Most of what I am going to say here is in consensus with what various reviews have already stated. First of all let me join the bandwagon by saying that Escudero should be nominated for an acting award for his role in this movie. His transition from neighborhood bum to loud homosexual is so natural. There is no instance where it seems that he is faking it. The gradual shift in character is flawlessly achieved thanks to his nuanced performance, which does not seem technical at all.

What makes the movie work is the way it tackles itself, which is not too seriously. The film has mainstream appeal maybe because of the right combination of campiness and familiar faces making cameos. As for the story, I would have to agree that the Zombadings could have been scrapped off the storyline altogether. However, doing this would rob the movie of its camp factor and would probably turn it into one of those movies focusing too much on self-discovery, which is most likely to be boring.

The movie tackles the theme of being gay in the modern world, and somehow the Zombadings story arc manages to keep everything light, in that it is neither too preachy nor too self-absorbed for its own good. What some people think of as the “curse” of being gay is presented here in a literal sense, adding some dash of fantasy to the story, which is not that detrimental to the plot and was actually kind of entertaining.

Eugene Domingo appears in the movie as a grieving widow who copes with the death of her husband by doing weird things. Her trademark “elevator acting” is not seen here but she still makes the audience laugh without much of an effort and despite the short screen time. She is everywhere nowadays! John Regala gets to steal the show in the last few clips with a dance number. All in all the support cast is great.

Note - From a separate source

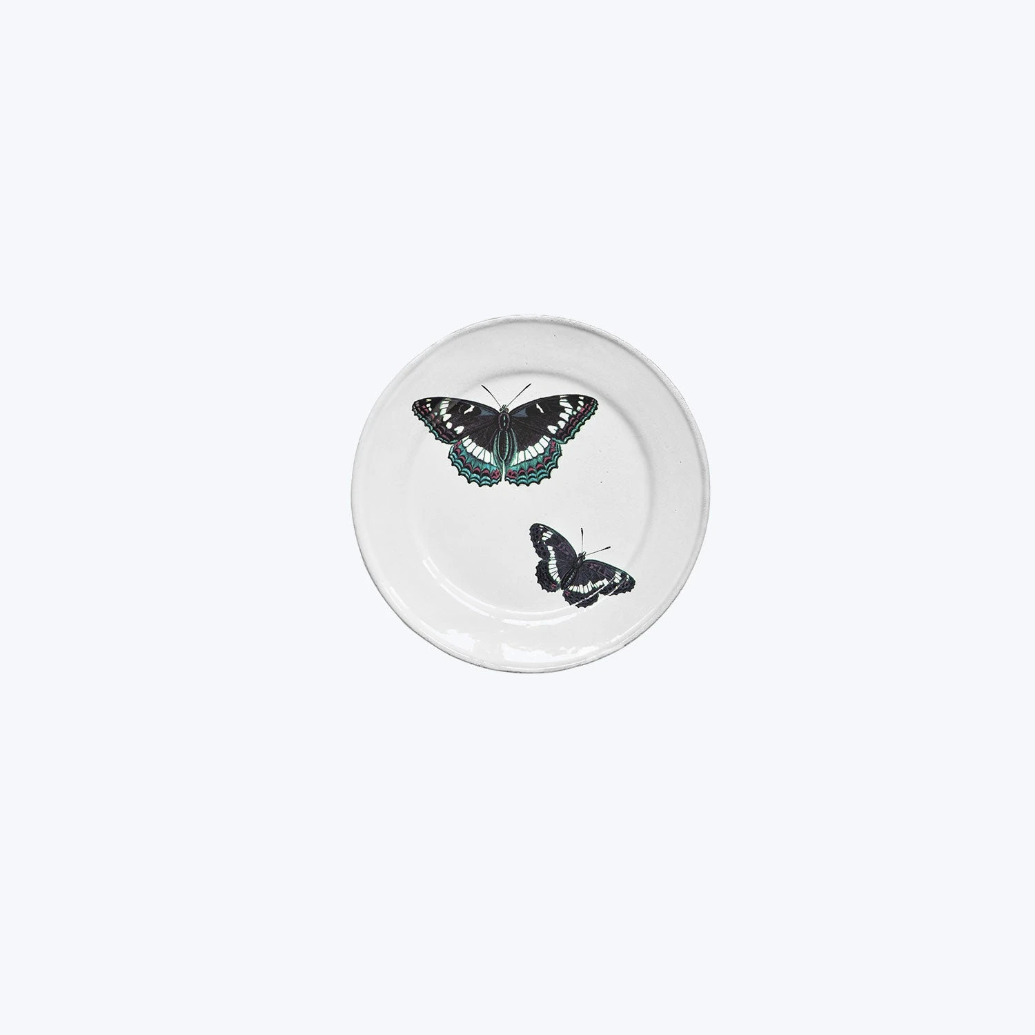 Emblazoned with the iconic work of decoupage artist John Derian, this Medium Two Flying Butterflies Plate showcases the visually stimulating beauty of nature through the colorful imagery of two butterflies midflight. Handmade on the Rue St. Honore in Paris, these 18th-century-inspired ceramics are crafted in a traditional pottery style passed down from generation to generation. Hand-molded from black terracotta, each piece is finished in a milky-white glaze that highlights the unique character of the clay, celebrating its imperfections and ensuring that no two pieces are exactly alike.

In terms of story it is more like a young man’s journey of self-discovery set in a sort of gay apocalyptic backdrop. The two somehow go well together surprisingly turning it into an enjoyable movie that got the audience laughing and applauding at the same time. It is one big gay film and it reminded me somehow of Zsa Zsa Zaturnnah which revolves around the same theme. Come to think of it, this could also be turned into a musical onstage. It would be a riot if ever!